Q: General advice on building linear models

Look at the PennState Stat501 - Regression Methods free online material. See for example:

Also, our linear model at the end is a Statsmodel linear model so have a look at their specific diagnostics

Q: Why is this coefficient different (e.g. wrong sign) than I expected?

First off, if a coefficient is insignificant, then you should worry too much. An insignificant coefficient does not contradict either hypothesis that the true effect is positive or negative.

If a coefficient is significant and the "wrong" sign then several things could be going on. See the above links for more diagnosis.

Package usage

Q: What parts use randomization?

The main source of randomness is the shuffling used in the data-splitting for separately fitting the baseline models. You can eliminate the randomness by providing your own splitter to DynamicDML. See msecore.randomex.set_random_seeds() to set a random seed. Some of the models use cross validation, but none currently randomize; RidgeCV uses the non-random leave-one-out method and LassoCV uses a non-random K-fold split. The models that explicitly randomize (RandomForest and BoostedTrees) accept a random_state argument. The current base optimizations (sklearn, statsmodels) do not appear to use randomization in their solvings.

Q: How can I use the package in AzureML Studio/Workbench?

Azure ML Studio uses Python 2.7 which is incompatible with our package.

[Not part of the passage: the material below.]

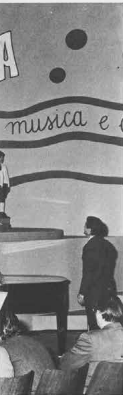
La musica dei ragazzi bisogna ascoltarla col cuore DON BOSCO

In un solo lustro questa manifestazione per ragazzi, nata in sordina al Centro Giovanile Salesiano di Padova, ha saputo affermarsi come una delle iniziative più nuove, giovani e utili del mondo dei nostri figli, conquistando vastissime simpatie e unanimi consensi. Possiamo augurarci che l'iniziativa, ricca di serena letizia e altamente educativa, sia realizzata da altri giovani più adulti?
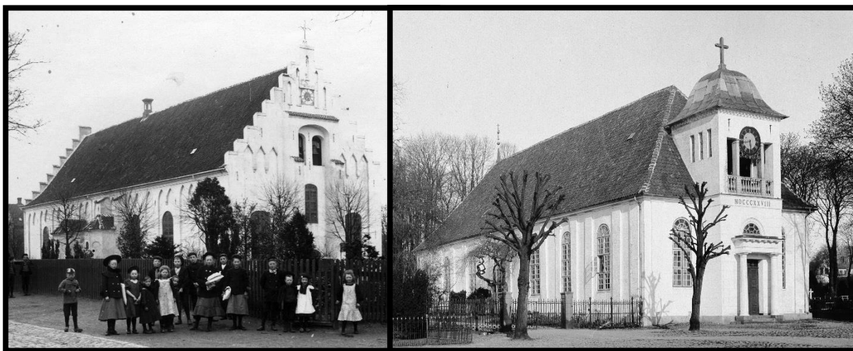
Til venstre: Trinitatis Kirke, ca. 1900.

Michaelis blev mest brugt af byens soldater, og Trinitatis mest af byens borgere. Begge kirker og deres kirkegårde findes stadig i dag. Siden er der bygget flere kirker uden for Fredericias volde.

Azure ML Workbench, however, works fine as it uses Python 3.5. The only package you will likely need to install in addition to the base environment is statsmodels==0.8.0.

Internal Operation

Q: What scaling or normalization is used in estimation.

Normalization happens in two places. First, at both the baseline and causal stage, VarBuilders take their core variable and normalize them to have mean=0 and var=1 (if they are interacted with other variables those are brought without modification). Second, at the causal-stage if a core-variable is marked as "unpenalized" then it is scaled so that it is not significantly affected by penalization. Low-level models will see normalized features and therefore their "raw" coefficients/standard errors are transformed by DynamicDML for use by the user.